Re: Role of arXiv

From: Stevan Harnad <amsciforum_at_GMAIL.COM>
Date: Fri, 8 Oct 2010 07:47:06 -0400

On Fri, Oct 8, 2010 at 12:57 AM, Simeon Warner
<> wrote:

>> On Thu, 7 Oct 2010, Joseph Esposito wrote (in liblicense):
>> >
>> >JE:
>> >Finally, once again taking the centrality of arXiv to the
>> >community it serves into consideration, what would happen if a
>> >modest deposit fee were assessed--say, $50 per article?
>> SH:
>> The IR cost per paper deposited will be closer to 50c than $50, once all
>> universities are hosting their own output, and mandating that it be
>> deposited.
> SW:
> I do not think the 50c number is supported by fact or by trend. I know
> that for Cornell's IR the number is much closer to $50 than to 50c if
> one divides cost to operate by the number of new submissions in the
> same period. (I would love to see data for other IRs.)

Simeon, I can only repeat:

*"once all universities are hosting their own output, and mandating that it be

Cornell has not mandated deposit, and it is far from hosting all of
its annual output. Ditto for all but about 100 universities so far

> SW:
> For arXiv the number is <$7. We have the benefit of significant scale
> (65k submissions/year) and a user community that require very little
> hand-holding.

Yes, you have significant scale. But, for Arxiv, Cornell -- and the
other subsidisers, including some universities -- are paying for all
deposits, from all universities, in one central repository.

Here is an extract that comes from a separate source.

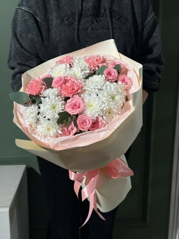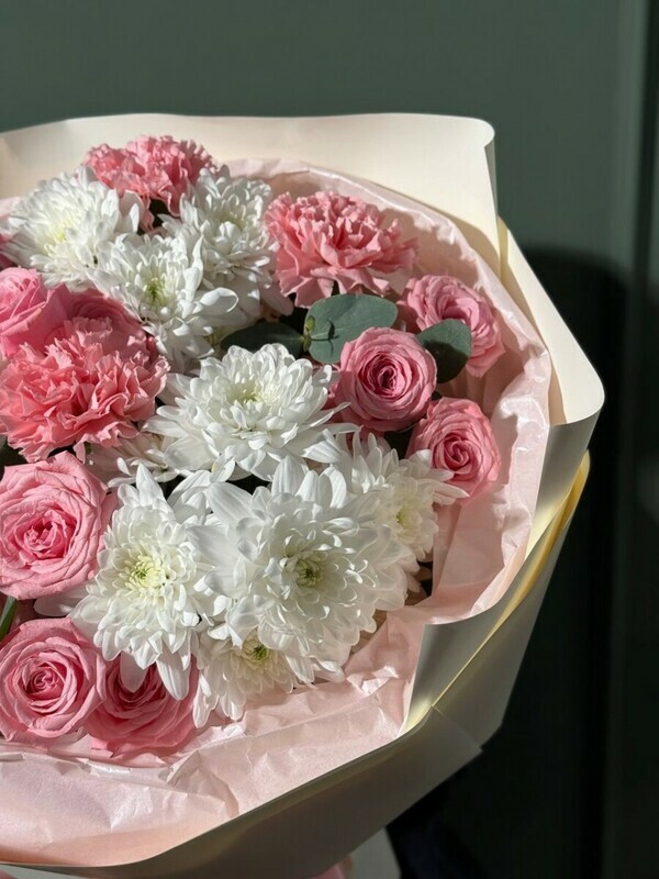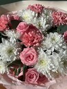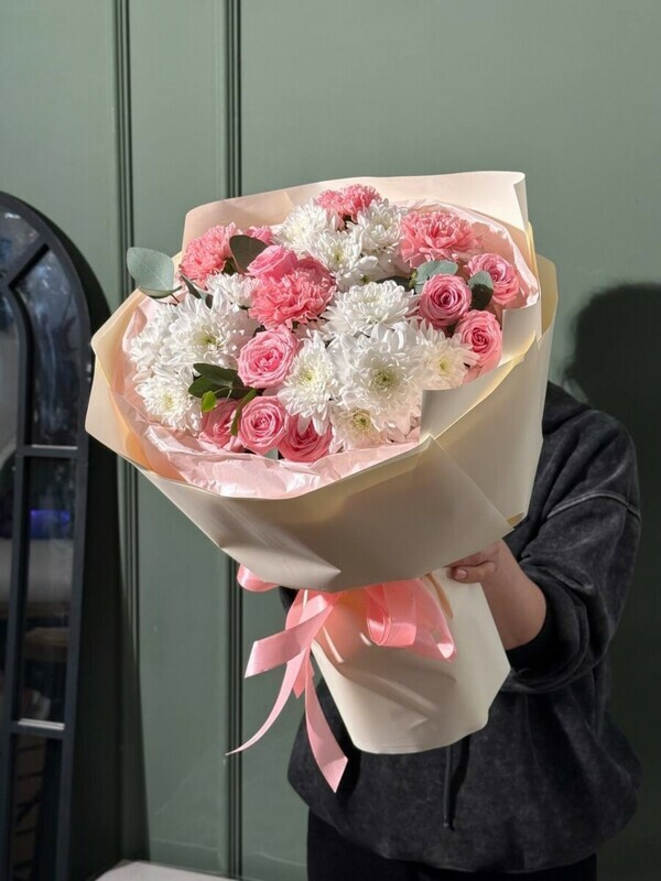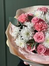 - Сборный букет с хризантемой, диантусами и пионовидной кустовой розой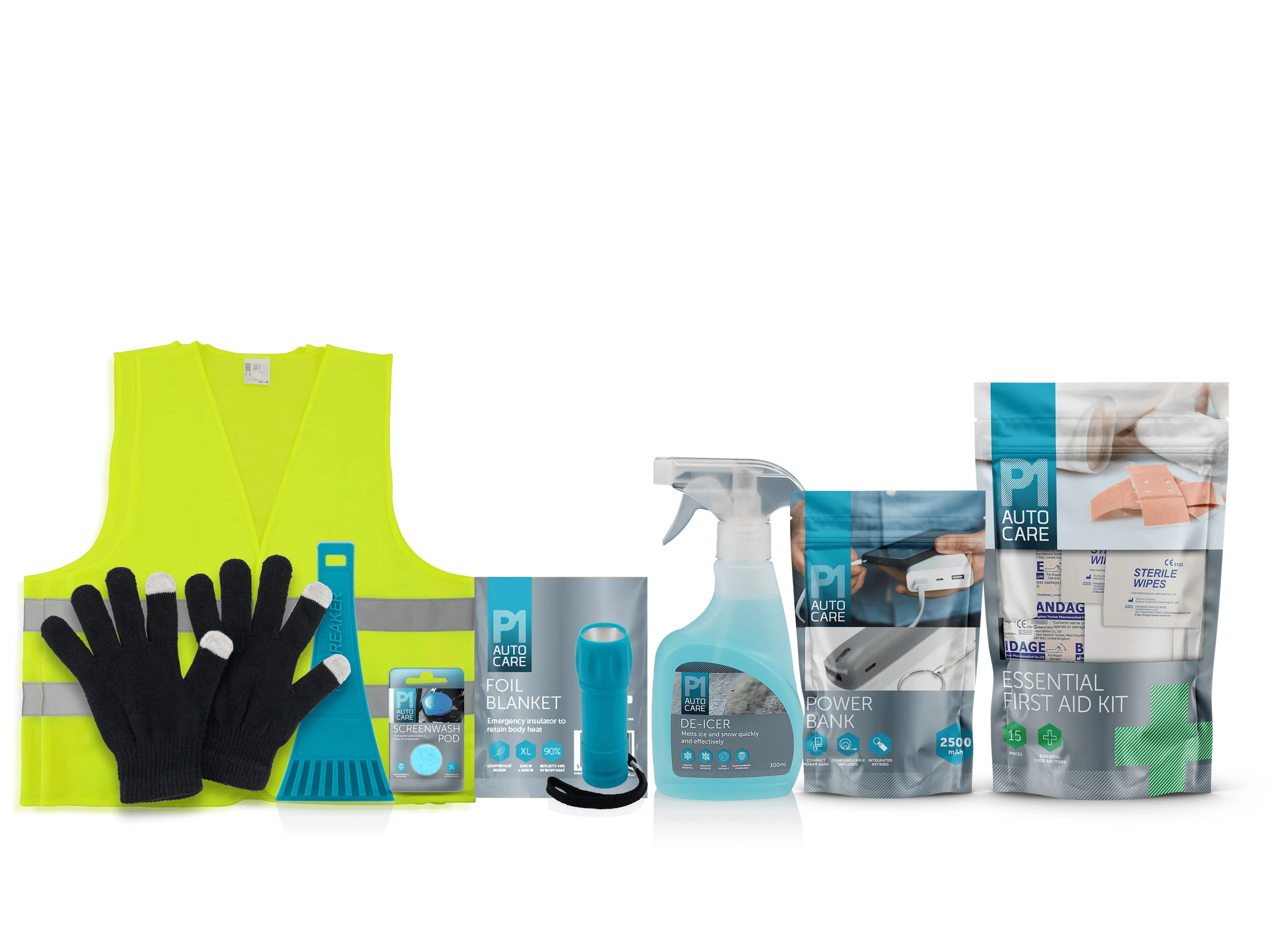 This winter driving kit contains essential items that help ensure you are well-prepared for driving in cold and dark conditions.

To repeat: The sensible solution (and probably the only practical,
affordable one) is for Arxiv -- and any other central archives like
it, in other fields -- to harvest their content automatically from
Institutional Repositories that host their own research output.

The annual cost per paper deposited will be far less for an
Institutional Repository -- hosting only its own research output --
*once the institutions are indeed hosting all of their annual research
output* -- and not a small fragment of it, as now.

Most institutions have IRs that are near-empty rather than at capacity
(as far as OA's target output is concerned). (The cost/benefit of
hosting their grey literature and other kinds of content is another
matter, but not to be reckoned into this comparison with Arxiv
regarding per-paper cost. IRs can archive lots of kinds of things,
including family photo albums, if desired...)

And Cornell, of course, has the double burden of hosting a near-empty,
unmandated IR for its own refereed research output, plus the (partial)
expense of hosting Arxiv for the world!


Annual Costs Per Deposit of Hosting Refereed Research Output Centrally
Versus Institutionally

Why Cornell's Institutional Repository Is Near-Empty


> SW:
> This is not to say that IRs aren't worth the support from their local
> institution! Compared with the cost of doing research resulting in an
> article, $50 is pocket change. I think that a key driver for IRs is
> that they align well funding with mission. At Cornell we consider it a
> worthwhile service for our faculty to provide considerably more
> support for the IR than arXiv could provide its users.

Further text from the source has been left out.